Sometime it is faster to transform a data than memoizing it. If this transformed data is used as an argument for another memoized function, the data dependency is lost. To avoid breaking a dependency, you can isolate your
data transformation within a memoized function with the `Identity` storage mode. It will carry no additional storage
than what your program is currently using. Under the hood the data graph is tracked by their references or `Identity`
in python.

```python
from doorget import cache, StorageMode
import panda as pd

@cache(mode=StorageMode.Identity)
def transform(x: pd.DataFrame) -> pd.DataFrame:
    return x.copy()

df = fetch('foo') # key for df: <fetch('foo')>
df_copy = transform(df) # key for df_copy: <transform(<fetch('foo')>)>

summary = summarize('date', df_copy) # key for summary: <summarize(<transform(<fetch('foo')>)>, 'daily')>
```

## Administrate your caches

The package provides you some backdoors to administrate your caches and more precisely your storages.

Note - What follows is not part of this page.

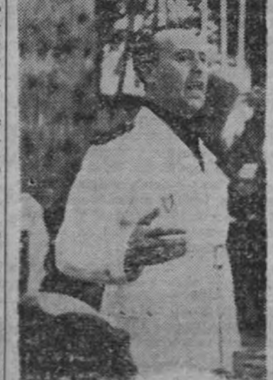
El Delegado Nacional de Sindicatos durante su discurso ante la imponente concentración de productores en la alameda de Calvo Sotelo, con motivo de la constitución de las Hermandades de Labradores y Ganaderos.

UBEDA 23.—En el día de hoy se ha constituido oficialmente en esta ciudad la Hermandad Sindical de Labradores y Ganaderos.

* `list_memory_storages()`
* `list_disk_storages()`
* `list_custom_storages()`

Each memoized function has its owned storage list. From a storage you can list all the contained keys,  
remove some items or clear them all. A function call, is stored in a `CacheKey` object. A `CacheKey` object 
contains the function name with its arguments combination as a `Tuple`. If the key has data depedencies, 
the dependencies are nested by using `Tuple` recursively.